Yemeni NGO Holm Akhdar says 126,000 people working in the fishing industry could lose their jobs in the case of a disaster.

“Even worse, given the complexity of this war, an errant bullet or shell from any one of the combatants could trigger a blast as large as Beirut’s August 4th disaster, prompting a historic oil spill,” Dave Harden, managing director of Georgetown Strategy Group, wrote in an op-ed in The Hill last month. He added: “Clean-up efforts would be daunting — given the insecurity of being in a war zone and the additional health risks from COVID-19.”

Similar concerns have been expressed by local government officials and fishermen in Hodeidah. Waleed Al-Qudaimi, deputy governor of Hodeidah, said that any spillage from the FSO Safer would create a humanitarian crisis as severe as the one caused by the Houthi insurgency.

“It (the oil spill) will add an additional burden that will affect Yemen for the next decades, deprive thousands of people of their jobs and destroy marine biodiversity in Yemeni waters,” he said. Al-Qudaimi appealed to the international community to keep up pressure on the militia to allow maintenance work to be carried out.

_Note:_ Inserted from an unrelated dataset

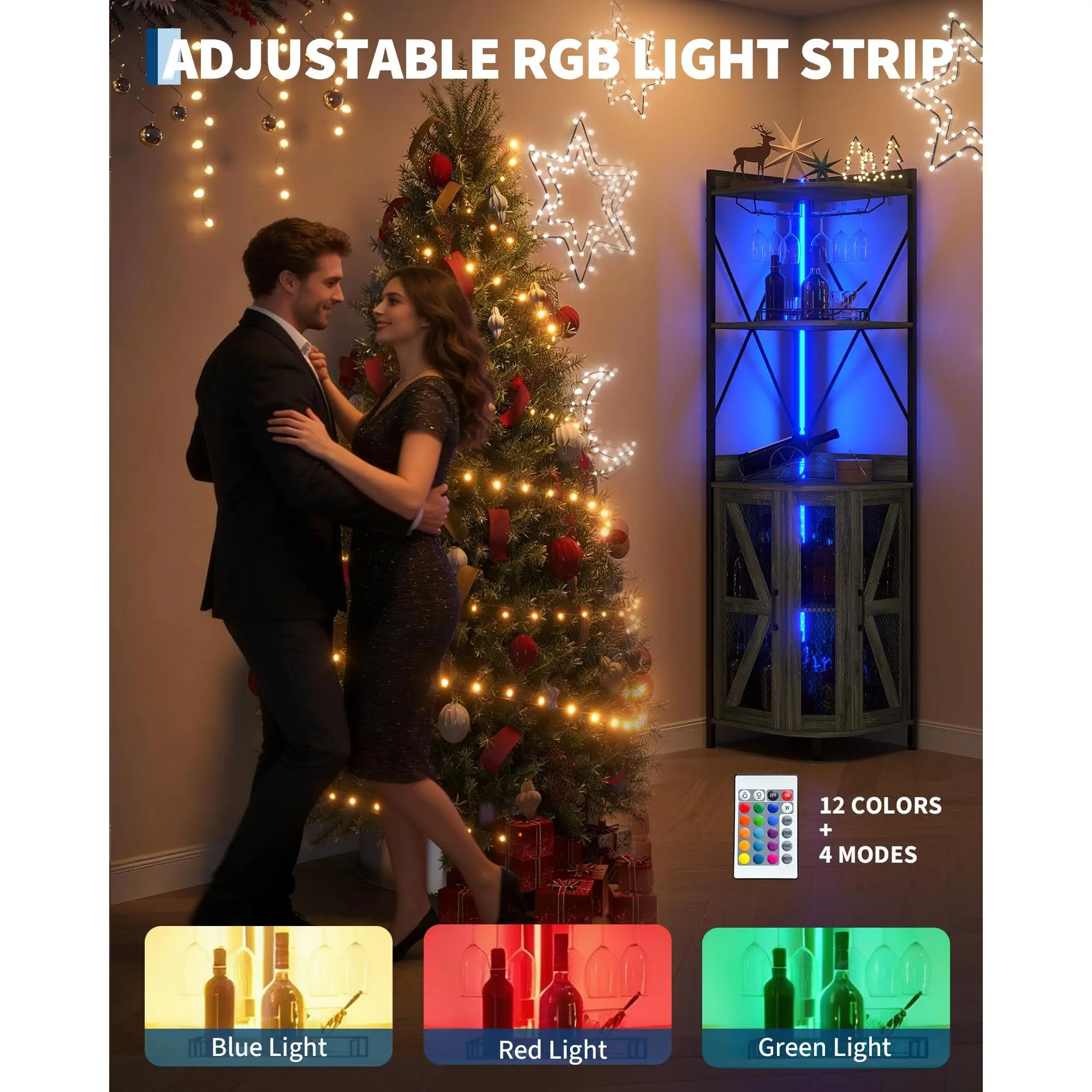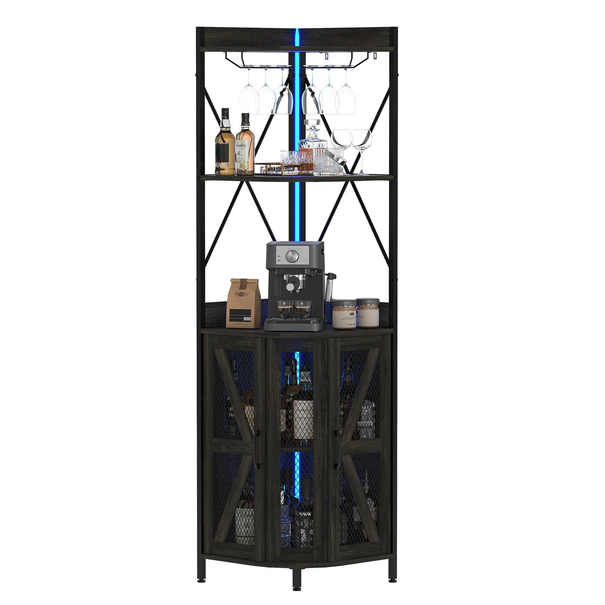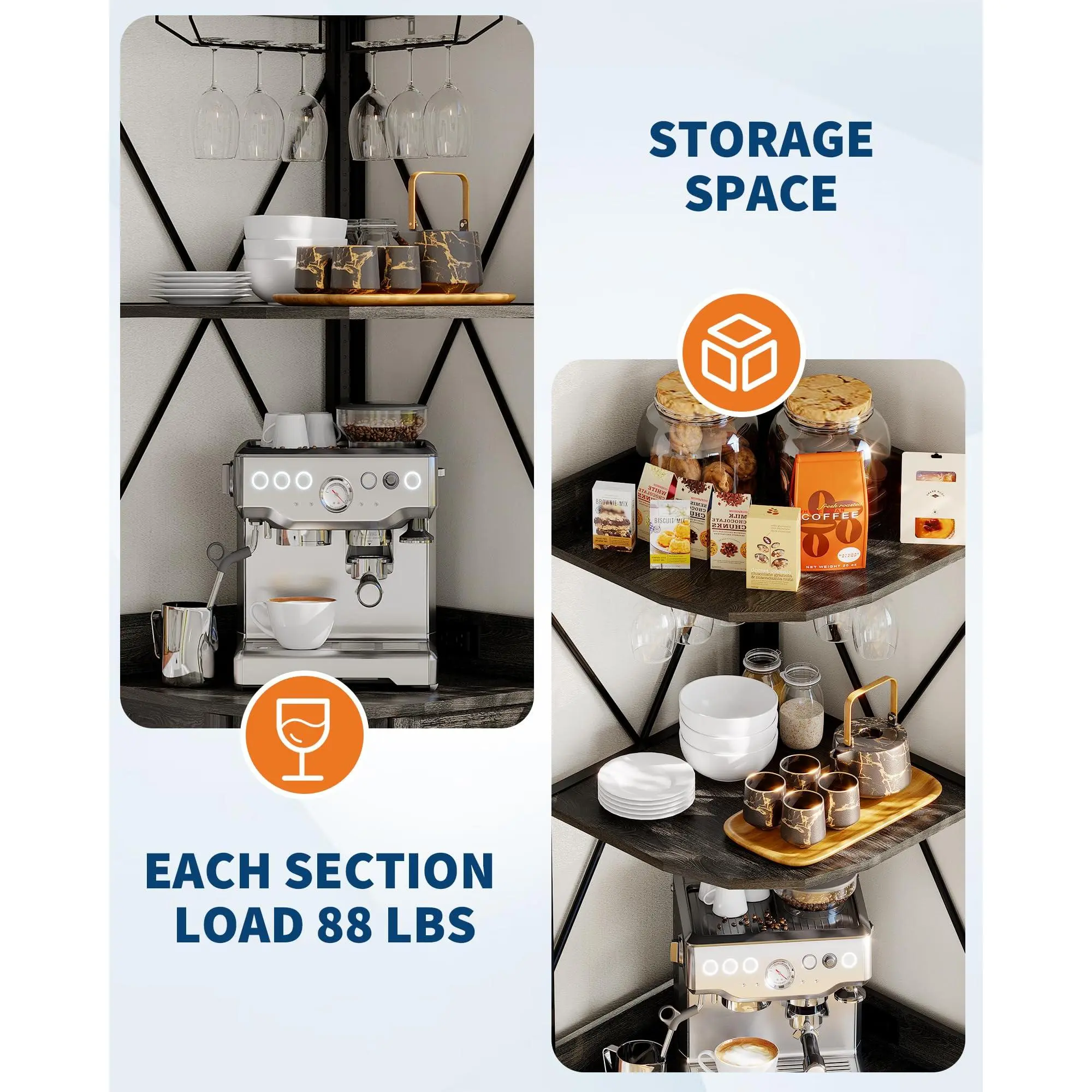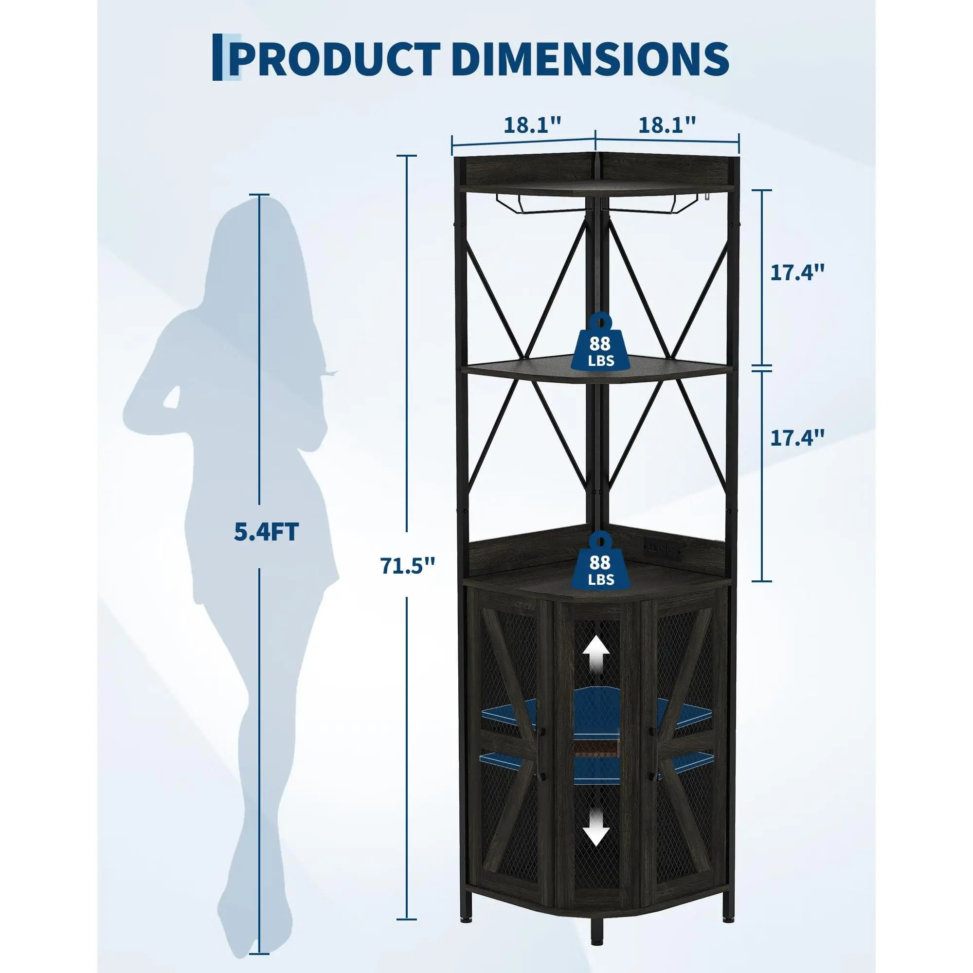 · 🍾Versatile Corner Design🍾🍾With a vertical corner structure and industrial-style design, this multifunctional corner bar cabinet maximizes unused corner space and blends seamlessly with most home décor styles. Perfect for kitchens, living rooms, dining areas, or entertainment spaces, it functions as a wine cabinet, coffee bar, or display storage unit.

For a country reeling from a combination of conflict, humanitarian crisis, plunging currency and crumbling economy, repairs to an abandoned oil tanker off its coast might not carry the ring of urgency normally associated with a major disaster.

But now that the world knows what happened when Lebanese officials ignored warnings for years over a cache of highly explosive material stored in a Beirut port warehouse, the importance of resolving the FSO Safer issue cannot be overstated.